Segment Start: Input

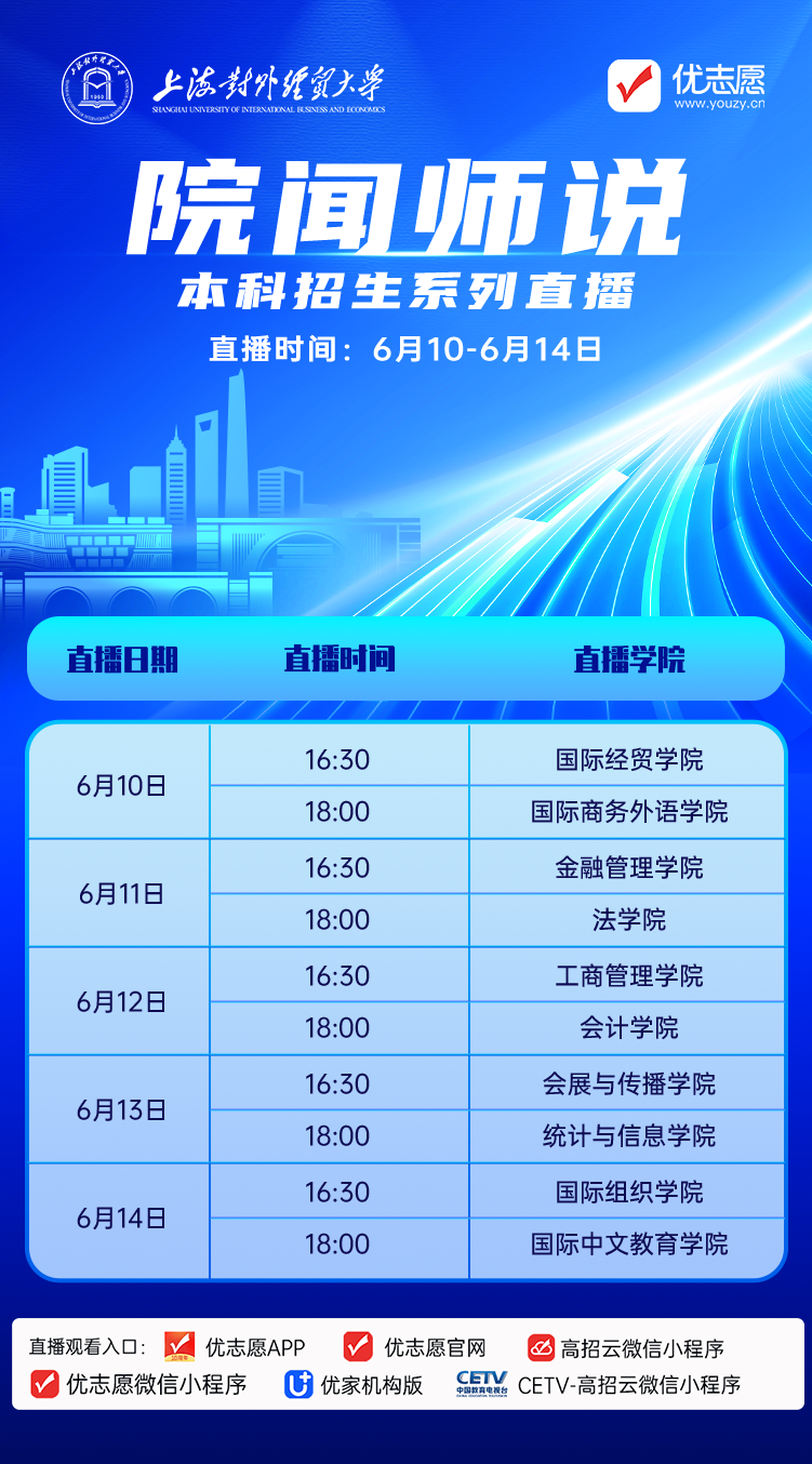 现有本科专业35个(其中国家级一流本科专业建设点16个),建有国家级一流本科课程10门,以及上海市一流本科课程、上海高校一流本科建设引领计划项目、上海高校课程思政重点改革领航学院、上海市级重点现代产业学院等一系列本科教育教学项目,通过英国商学院毕业生协会(BGA)银牌认证。深化人才培养模式改革,构建形成全球
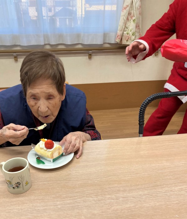 本日のおやつはクリスマスケーキです(^^)/
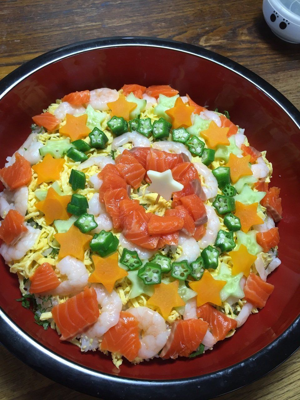すし飯に錦糸玉子を敷き詰めて、その上に、星形の人参、星形の胡瓜、オクラを小口にカットしたもの(こちらも断面が星形)他、魚介は海老とサーモンを使い、彩り良く仕上がりました。
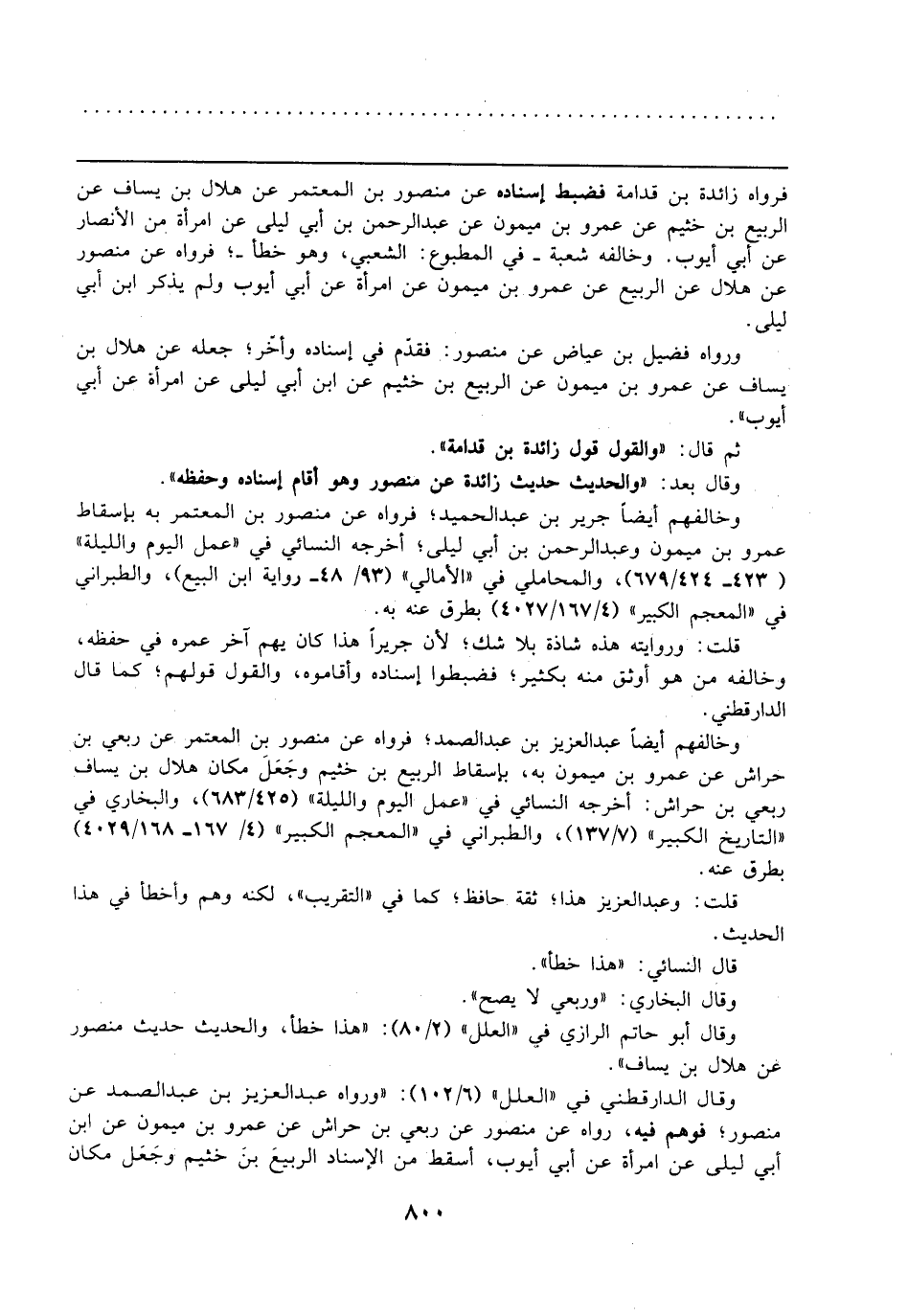 وقال الدارقطني في "العلل" (6/ 102): "ورواه عبد العزيز بن عبد الصمد عن منصورة فوهم فيه، رواه عن منصور عن ربعي بن حراش عن عمرو بن ميمون عن ابن أبي ليلى عن امرأة عن أبي أيوب، أسقط من الإسناد الربيعَ بنَ خثيم وجَعَل مكان
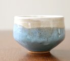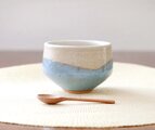柔らかホワイト&ブルー かけ分けの幅広お湯のみ
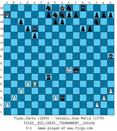 Last move : 0-1 2016 November 10 13:11:50 [Event "FICGS__BIG_CHESS__TOURNAMENT__000106"] [Site "FICGS"] [Date "2016.09.17"] [Round "1"] [White "Pipac,Darko"] [Black "Velasco,Jose Maria"] [Result "0-1"] [WhiteElo "1643"] [BlackElo "1774"] 1.j2-k4 j15-k13 2.h2-g4 h16-o10 3.m2-m4 d15-d13 4.p2-p3 n15-n13 5.e2-e4 o16-d6 6.k1-h2 e15-e13 7.g1-f3 m15-m13 8.d2-d4 f16-b12 9.l1-m2 l16-p12 10.e4-e5 d6-f8 11.c2-c3 o10-j10 12.h1-j2 m16-m14 13.o1-p2 e13-e12 14.l2-l3 e16-e13 15.e1-e4 j10-c10 16.p1-o3 e13-j13 17.b1-d2 m14-l14 18.d2-c4 p16-o14 19.c4-d6 c10-l10 20.f1-d3 c16-k9 21.j2-k3 f8-d6 22.e5-d6 k9-e4 23.d3-e4 l10-e4 24.k3-b11 b16-c14 25.j1-j2 l14-l11 26.b11-d9 l11-d11 27.d9-a6 a16-e16 28.m1-e1 e4-g6 29.c1-f4 g6-n6 30.j2-j1 n6-n2 31.m2-n3 n2-f9 32.j1-j2 f9-f4 33.a6-c6 q16-m16 34.c6-e4 f4-d6 35.n3-o4 c14-e13 36.b2-b3 c15-c14 37.c3-c4 e16-e14 38.d4-d5 e14-g14 39.p2-o1 d11-j11 40.o1-l4 p12-k7 41.l4-n2 d6-n6 42.n2-l4 n6-l4 43.h2-k3 k7-o3 44.q1-n1 o3-j8 45.e4-f4 j8-g6 46.f3-h4 g6-n12 47.g4-j5 b12-j5 48.n1-n5 j5-p11 49.q2-q4 j13-h13 50.n5-l5 l4-o7 51.j2-h2 p11-k6 52.l5-h5 h13-j13 53.e1-e5 k6-d12 54.k4-m3 o7-n8 55.a1-n1 n8-g8 56.o4-e13 d12-e13 57.f4-f15 k13-j15 58.g2-g3 j11-f11 59.f15-b15 f11-f2 60.h4-g2 g8-g3 61.h2-j2 g3-g2 62.j2-k1 g2-j2 63.k1-l2 j13-j3 64.b15-a15 j2-k3 65.l2-m2 f2-k2 66.m3-k2 k3-k2 67.m2-n3 k2-l3 68.n3-n4 l3-n1 69.n4-m5 n12-q9 70.m5-l5 n1-l3 71.l5-k6 l3-m4 72.h5-l5 g14-g6 73.k6-k7 m4-m7 74.l5-l7 m7-l7 0-1 Follow this game move after move (download)It is no time to be playing Chess when the house is on fire. (Italian Proverb) Moralische Siege zählen nicht. (Savielly Grigorievitsch Tartakower) Cuando me preguntan: -¿Cual es el secreto que te hace hacer mejores movidas que tus oponentes?, Yo respondo: Me da gusto que me pregunten eso, porque, como veran, hay una simple razón. Yo pienso mis propias movidas y dejo a mi oponente que el piense las suyas. (Alexander Alekhine) Les Echecs ne sont pas pour les âmes timides. Ils requièrent un homme entier, qui ne s'arrête pas aveuglément à ce qui a été déjà établi, mais qui tente individuellement de sonder les profondeurs du jeu. (W. Steinitz) How many people work in NATO Headquarters ? - About half of them. (Dirk Stikker, NATO general secretary)

Segment End: Input

**Exercise prompt**
The records above should be returned exactly; no image belongs in the copy.

**Answer area**
 现有本科专业35个(其中国家级一流本科专业建设点16个),建有国家级一流本科课程10门,以及上海市一流本科课程、上海高校一流本科建设引领计划项目、上海高校课程思政重点改革领航学院、上海市级重点现代产业学院等一系列本科教育教学项目,通过英国商学院毕业生协会(BGA)银牌认证。深化人才培养模式改革,构建形成全球
 本日のおやつはクリスマスケーキです(^^)/
すし飯に錦糸玉子を敷き詰めて、その上に、星形の人参、星形の胡瓜、オクラを小口にカットしたもの(こちらも断面が星形)他、魚介は海老とサーモンを使い、彩り良く仕上がりました。
 وقال الدارقطني في "العلل" (6/ 102): "ورواه عبد العزيز بن عبد الصمد عن منصورة فوهم فيه، رواه عن منصور عن ربعي بن حراش عن عمرو بن ميمون عن ابن أبي ليلى عن امرأة عن أبي أيوب، أسقط من الإسناد الربيعَ بنَ خثيم وجَعَل مكان
柔らかホワイト&ブルー かけ分けの幅広お湯のみ
 Last move : 0-1 2016 November 10 13:11:50 [Event "FICGS__BIG_CHESS__TOURNAMENT__000106"] [Site "FICGS"] [Date "2016.09.17"] [Round "1"] [White "Pipac,Darko"] [Black "Velasco,Jose Maria"] [Result "0-1"] [WhiteElo "1643"] [BlackElo "1774"] 1.j2-k4 j15-k13 2.h2-g4 h16-o10 3.m2-m4 d15-d13 4.p2-p3 n15-n13 5.e2-e4 o16-d6 6.k1-h2 e15-e13 7.g1-f3 m15-m13 8.d2-d4 f16-b12 9.l1-m2 l16-p12 10.e4-e5 d6-f8 11.c2-c3 o10-j10 12.h1-j2 m16-m14 13.o1-p2 e13-e12 14.l2-l3 e16-e13 15.e1-e4 j10-c10 16.p1-o3 e13-j13 17.b1-d2 m14-l14 18.d2-c4 p16-o14 19.c4-d6 c10-l10 20.f1-d3 c16-k9 21.j2-k3 f8-d6 22.e5-d6 k9-e4 23.d3-e4 l10-e4 24.k3-b11 b16-c14 25.j1-j2 l14-l11 26.b11-d9 l11-d11 27.d9-a6 a16-e16 28.m1-e1 e4-g6 29.c1-f4 g6-n6 30.j2-j1 n6-n2 31.m2-n3 n2-f9 32.j1-j2 f9-f4 33.a6-c6 q16-m16 34.c6-e4 f4-d6 35.n3-o4 c14-e13 36.b2-b3 c15-c14 37.c3-c4 e16-e14 38.d4-d5 e14-g14 39.p2-o1 d11-j11 40.o1-l4 p12-k7 41.l4-n2 d6-n6 42.n2-l4 n6-l4 43.h2-k3 k7-o3 44.q1-n1 o3-j8 45.e4-f4 j8-g6 46.f3-h4 g6-n12 47.g4-j5 b12-j5 48.n1-n5 j5-p11 49.q2-q4 j13-h13 50.n5-l5 l4-o7 51.j2-h2 p11-k6 52.l5-h5 h13-j13 53.e1-e5 k6-d12 54.k4-m3 o7-n8 55.a1-n1 n8-g8 56.o4-e13 d12-e13 57.f4-f15 k13-j15 58.g2-g3 j11-f11 59.f15-b15 f11-f2 60.h4-g2 g8-g3 61.h2-j2 g3-g2 62.j2-k1 g2-j2 63.k1-l2 j13-j3 64.b15-a15 j2-k3 65.l2-m2 f2-k2 66.m3-k2 k3-k2 67.m2-n3 k2-l3 68.n3-n4 l3-n1 69.n4-m5 n12-q9 70.m5-l5 n1-l3 71.l5-k6 l3-m4 72.h5-l5 g14-g6 73.k6-k7 m4-m7 74.l5-l7 m7-l7 0-1 Follow this game move after move (download)It is no time to be playing Chess when the house is on fire. (Italian Proverb) Moralische Siege zählen nicht. (Savielly Grigorievitsch Tartakower) Cuando me preguntan: -¿Cual es el secreto que te hace hacer mejores movidas que tus oponentes?, Yo respondo: Me da gusto que me pregunten eso, porque, como veran, hay una simple razón. Yo pienso mis propias movidas y dejo a mi oponente que el piense las suyas. (Alexander Alekhine) Les Echecs ne sont pas pour les âmes timides. Ils requièrent un homme entier, qui ne s'arrête pas aveuglément à ce qui a été déjà établi, mais qui tente individuellement de sonder les profondeurs du jeu. (W. Steinitz) How many people work in NATO Headquarters ? - About half of them. (Dirk Stikker, NATO general secretary)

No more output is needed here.